Design: A literature search was conducted across several databases to identify papers published between 2000 and September 2024. We selected 18 publications that considered DFS and OS as primary or secondary outcomes in patients with RAS/BRAF mutations and MSI following CRS-HIPEC treatment. Studies involving appendiceal cancer, peritoneal disease from non-CRC, pediatric patients, or subjects not treated with CRS-HIPEC were excluded.

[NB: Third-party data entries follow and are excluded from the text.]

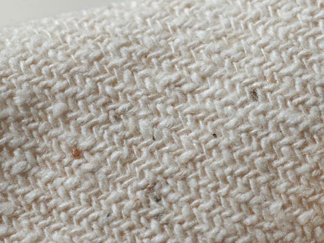 ロシア軍で、主にスリーピングシャツなどのアンダーウェアとして採用される予定だったヴィンテージファブリックがデッドストックの状態で入荷しました。シルク混紡のヴィンテージファブリックで、おそらくウールやコットンとブレンドされており、絹糸のしなやかさに加え、起毛した梳毛の柔らかさを兼ねています。天然由来の素材のナチュラルな風合いと独特のネップ感が、そのままクロスとして使うにも、シャツやバッグなどの制作素材としても雰囲気が良く優秀。自然な生成りカラーは、どんなアイテムにも応用可能な生地です。
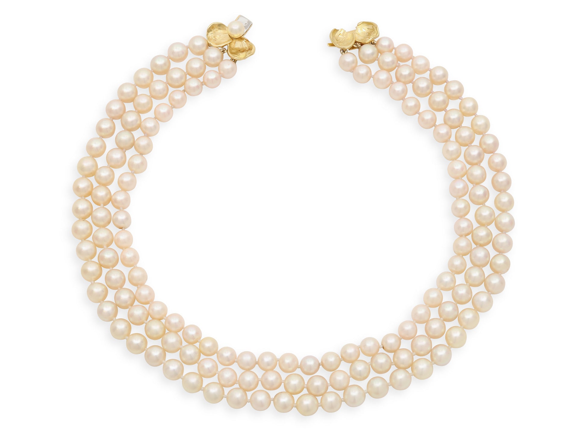 Three graduating strands of cultured pearls to the flower motif clasp centering on a pearl, in 18k yellow gold.
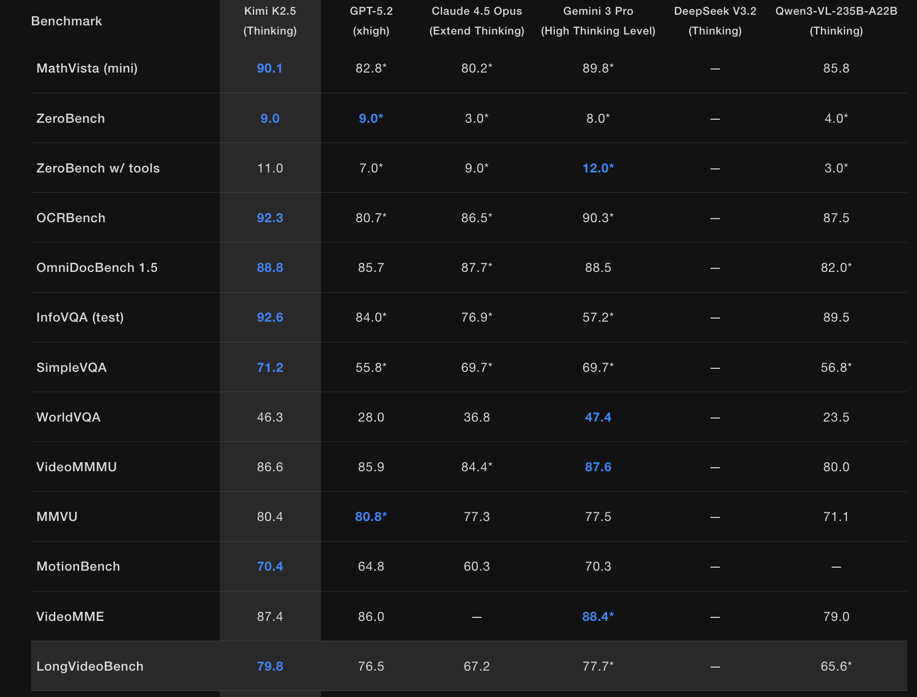 这意味着,Kimi k2.5 原来已经极其强大的长文本,再次进化成了一个既有「眼睛」能看懂复杂屏幕,又有「双手」能指挥庞大智能体集群的超级工头。在 SWE-Bench Verified(编程)和 HLE(人类最后考试)等硬核基准测试中,它不仅超越了 DeepSeek V3,甚至在多项指标上击败了闭源的 GPT 和 Gemini。
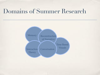 Laura Simpson conducted summer thesis research exploring memory reconstruction through narrative and time-based visuals. Her research domains included memory, narrative, interaction theory, and conversation. She developed a first-person narrative memory game called Lethe that uses visuospatial minigames like Tetris and puzzles to help trauma victims reconstruct memories, taking inspiration from a study showing Tetris can act as a "PTSD vaccine." The game tells the narrative through cutscenes in reverse order and has the player work backward through therapeutic minigames to fill in missing events.
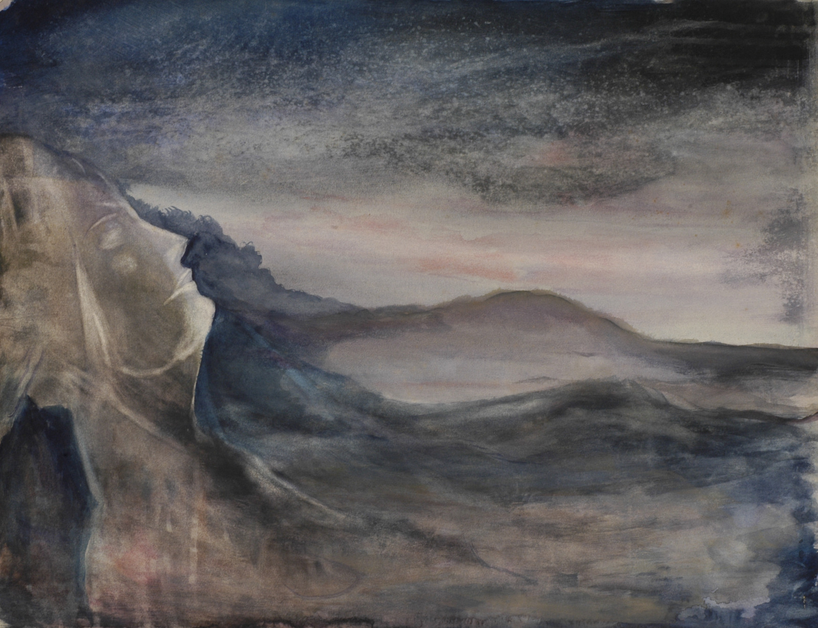 Kleurschets landschap horizontaal/ vertikaal met don...
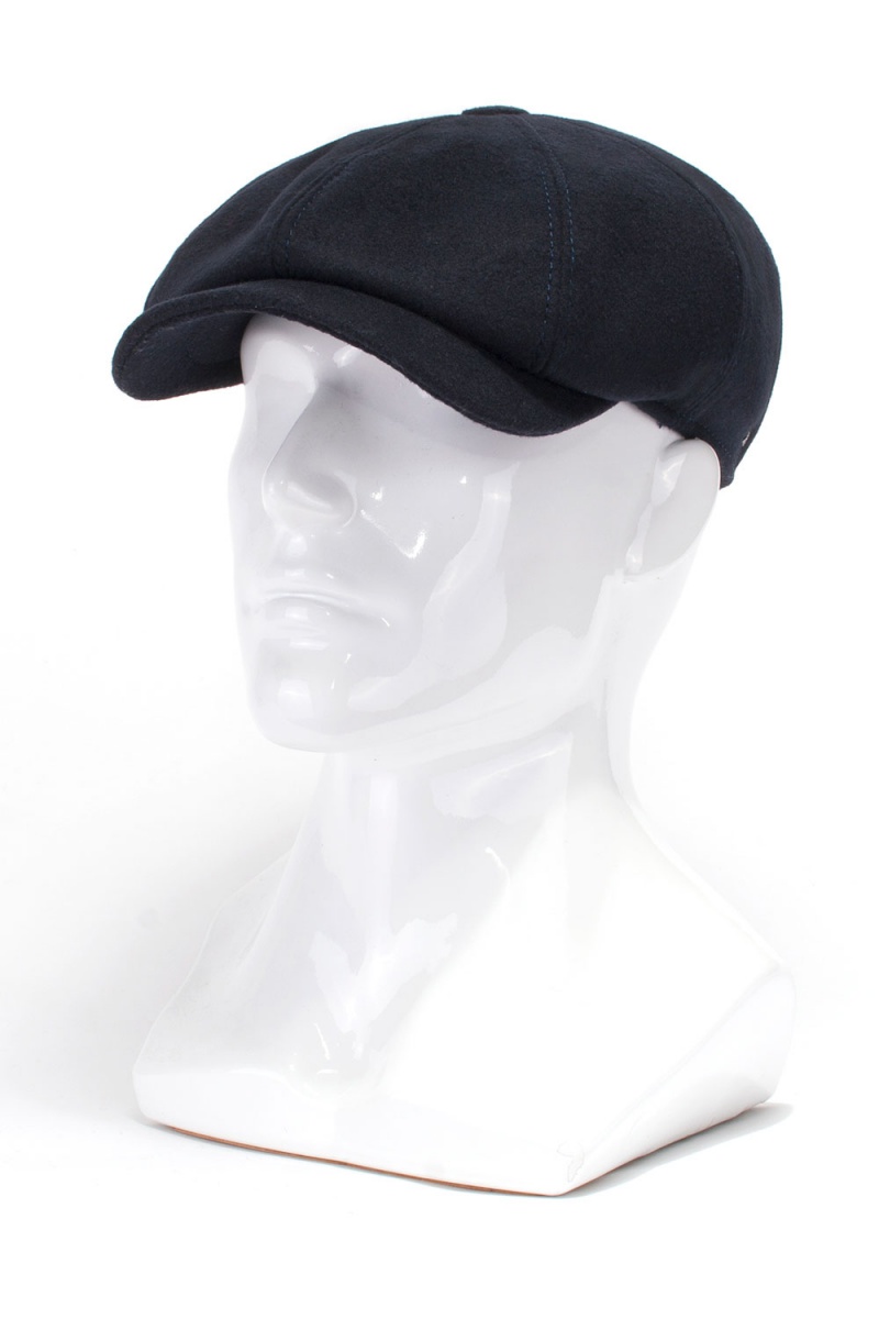 Кепка с удлиненным козырьком выполнена из пальтовой ткани синего цвета. Подкладка из вискозы с тонким синтепоном. Внутри кепки имеются шнурок-утяжка для регулировки размера и ушки для холодной погоды.
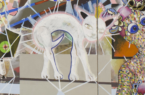 Anna Lena Straube zeigt mit „Drei weiße Katzen" ihre große künstlerische Bandbreite, indem sie realistische mit völlig abstrakten und surrealen Bildelementen mischt und kontrastiert. Obwohl der Titel es anders vermuten lässt, gibt es in dem Gemälde keine dritte weiße Katze zu entdecken – oder hat sie bisher nur noch niemand finden können?
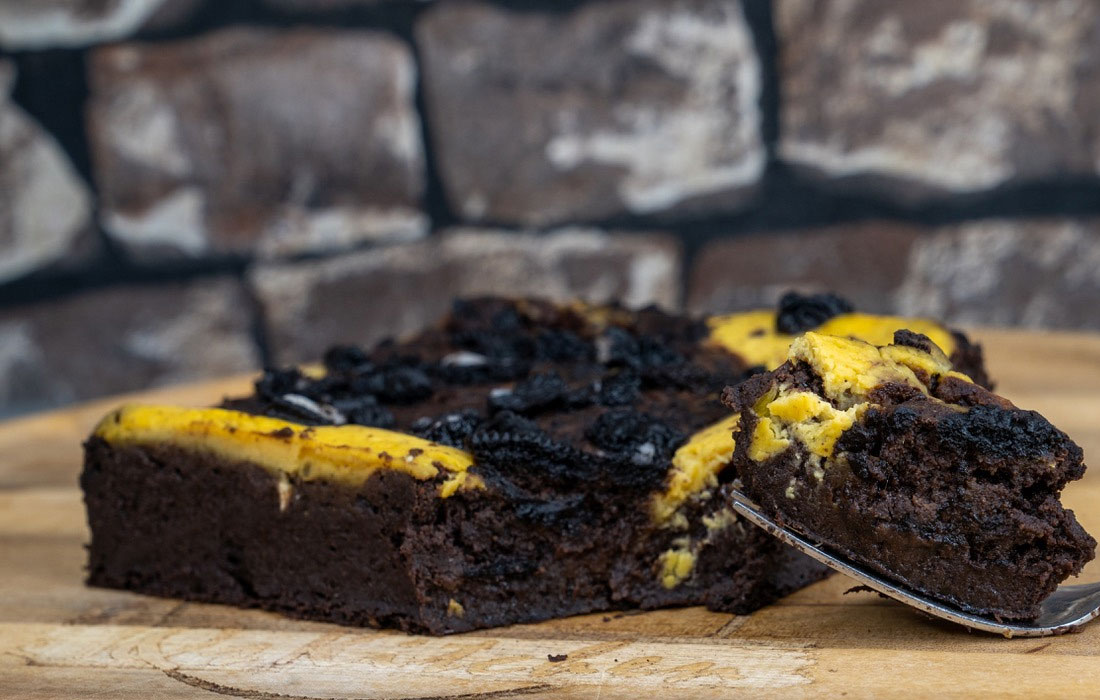 Die Cheesecake Masse anrühren, auf den Brownie Boden geben und mit einer Gabel einen Swirl ziehen.
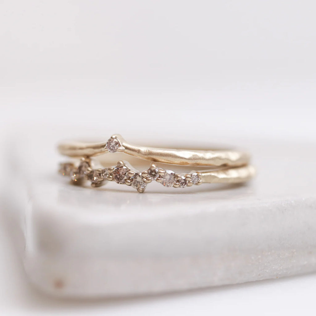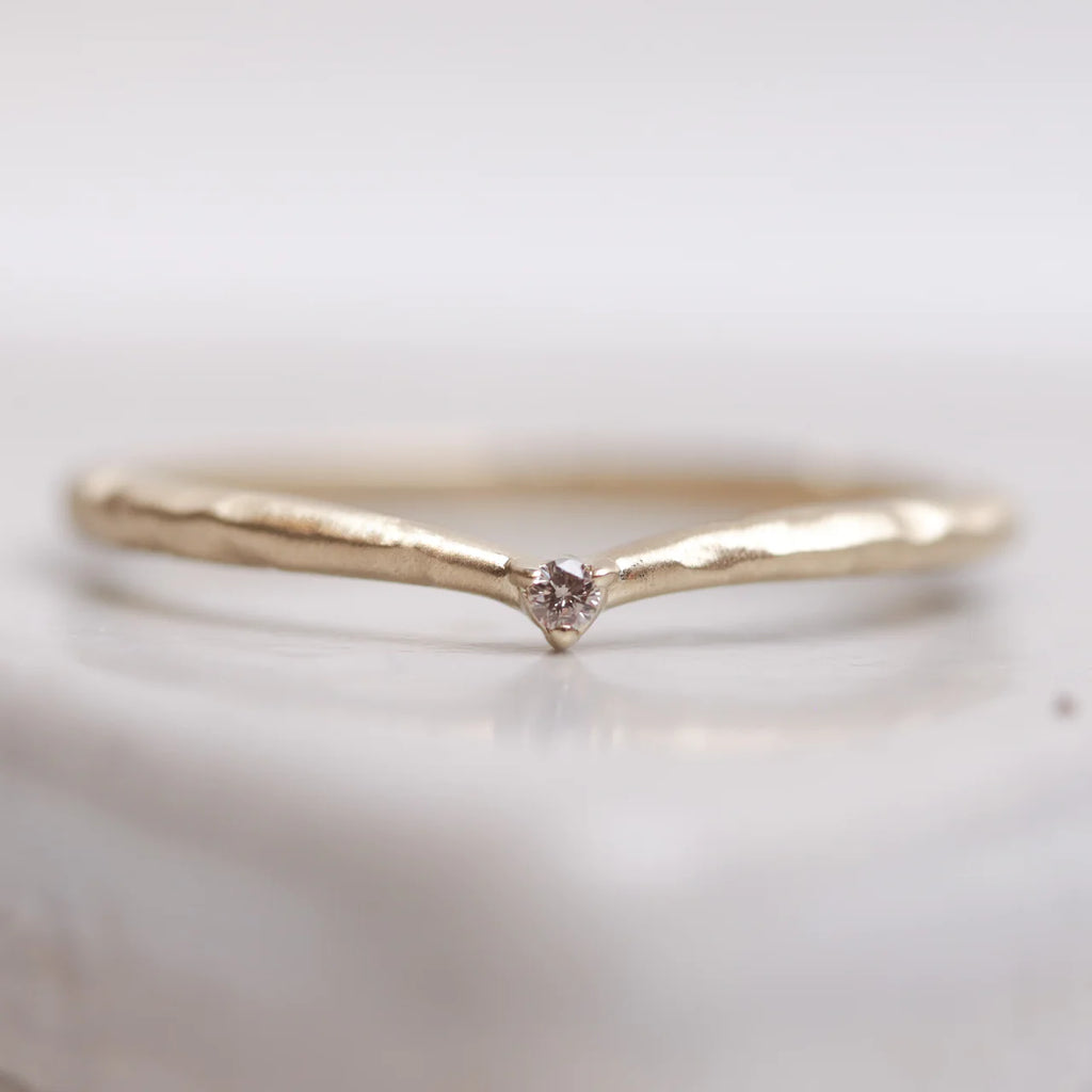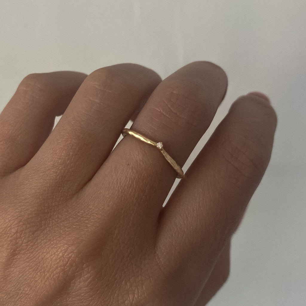 Warm 14K gold wraps the finger and holds a 1.5mm Diamond or gemstone at its peak. Beautiful as a stand alone piece, as a wedding band or within a stack.
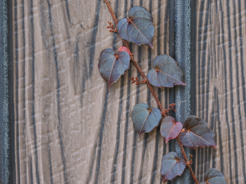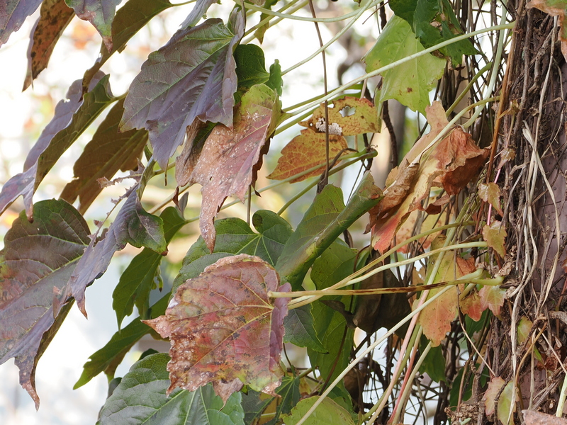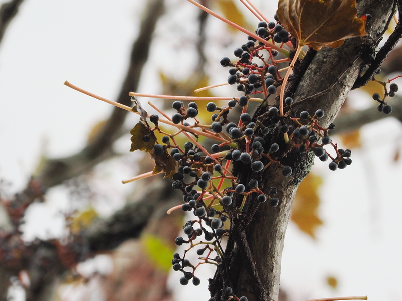 さすがブドウ科です。おいしそうな果実です。しかし、人間には全くおいしくない果実です。鳥たちにはきっとおいしいのでしょう。ツタはいたるところに生えています。鳥たちが食べて種を運んでいるのだと思います。
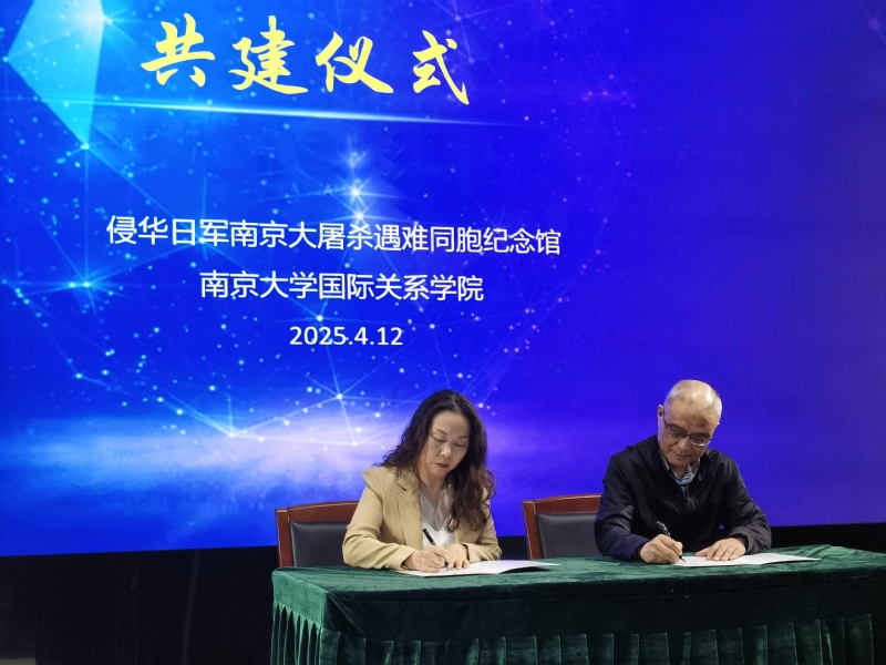 参观结束后,师生前往“三个必胜”展厅报告厅,同侵华日军南京大屠杀遇难同胞纪念馆正式签署合作协议,共建“和平文化交流实践基地”。纪念馆馆长周峰讲话指出,双方共建旨在深入贯彻习近平总书记关于爱国主义教育的重要讲话精神,充分发挥纪念馆的爱国主义教育功能和太阳成城集团tyc234cc古天乐的专业优势。周馆长提出三点反响,一是共建平台,二是共享资源,三是共育人才,他感谢太阳成城集团tyc234cc古天乐的大力支持,期待南大学子成为历史记忆的传承者、爱国主义的实践者、国际和平的传播者。公司党委书记李跃华致辞指出,习近平总书记强调教育是国之大计、党之大计,公司作为主阵地也要和社会场馆共同努力推动教育基础工程,双方共建实践基地也是基于这样的初心。李书记期望同学们作为新时代的青年,通过参观教育学习懂得民族曾经的危难与屈辱,能够奋发学习、爱国护国。他感谢纪念馆的鼎力支持,期待院馆由合作到深化、由深化到友谊、由友谊到共同发展,共同推动和平学研究,承担起面向世界讲好中国故事的历史使命和担当。
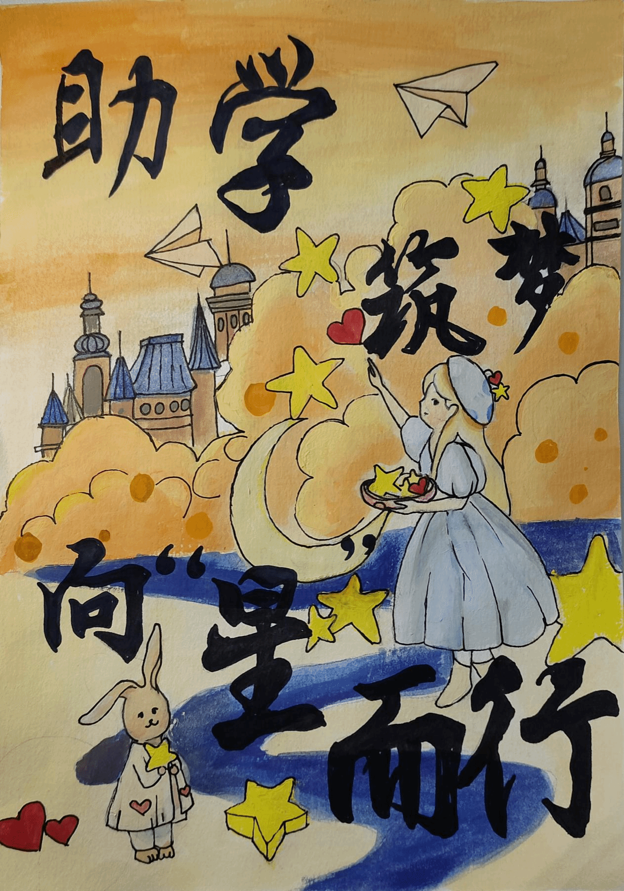 资助就会像点点星光,点缀广阔的天空,而我们,也将怀揣梦想,向星光指引的方向不断前进。通过这个作品激励被资助学生,学会感恩,努力学习,成为国家栋梁之才。
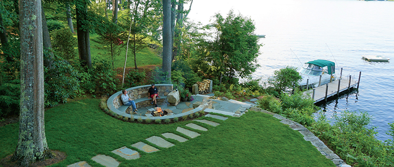 Belknap Landscape of Gilford, New Hampshire, is well-known for its creative, quality, hand-built outdoor living spaces. This example in Alton is no exception.
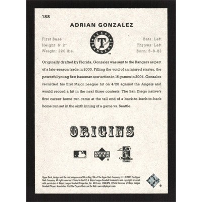 This is a 2005 Origins Adrian Gonzalez baseball card. The card is #188 and pictures show condition.
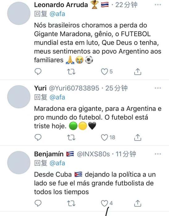 即使是阿根廷队死敌巴西的球迷,也在这一刻怀念这位他们曾经痛恨的老对手。一位巴西球迷表示,虽然自己是一个巴西人,但还是还是要在这一刻拥抱所有阿根廷球迷,他们失去了这个世界上最伟大的球星。
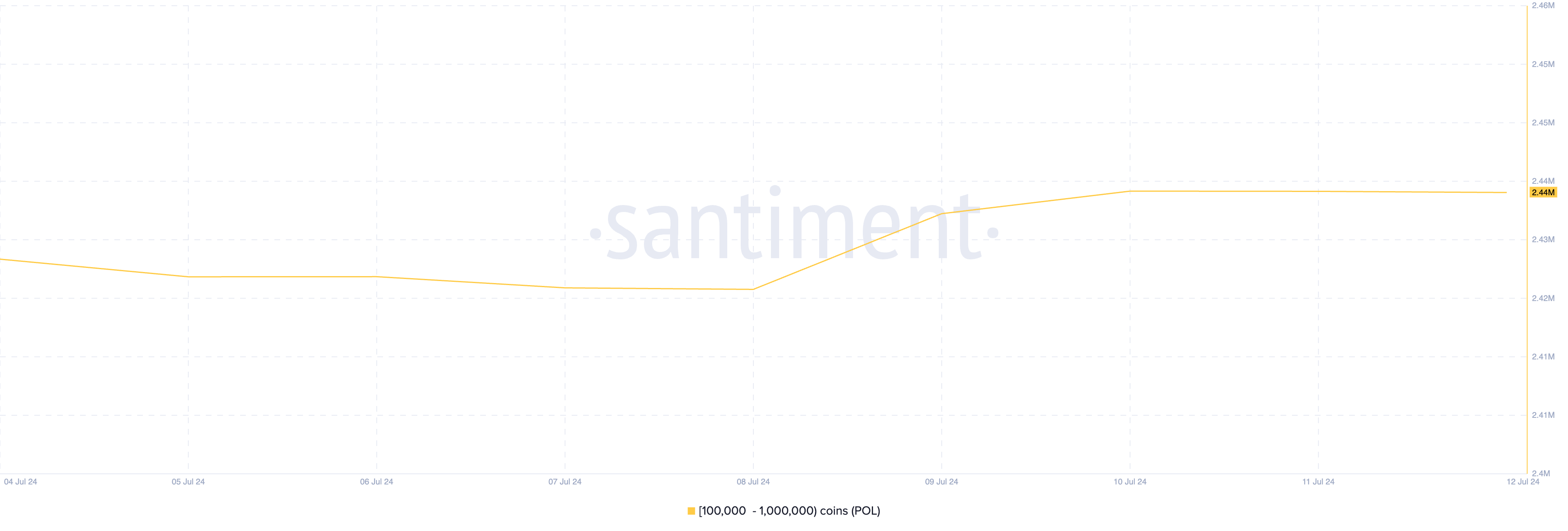 SponsoredSecondo Santiment, durante la settimana in esame, la fornitura di questa coorte di investitori è aumentata di 220.000 token POL.

Results: Most studies suggest that RAS and BRAF mutations have a negative influence on survival outcomes. While inconsistencies exist, RAS mutations are generally associated with worse DFS. Specific KRAS subtypes such as KRASMUT2 or KRAS G12V and the BRAF V600 variant correlate with poorer prognosis. MSI status appears to attenuate the adverse effects of RAS/BRAF mutations on survival, although conflicting data persist.
Conclusion: RAS and BRAF mutations correlate with poorer outcomes in PM-CRC, underscoring the need for mutation-informed strategies to refine HIPEC and systemic therapies. Recognizing subtypes may improve patient selection for CRS-HIPEC, optimizing both local disease control and long-term survival. Future research should incorporate these molecular profiles to enhance therapeutic decision-making and better address this challenging condition.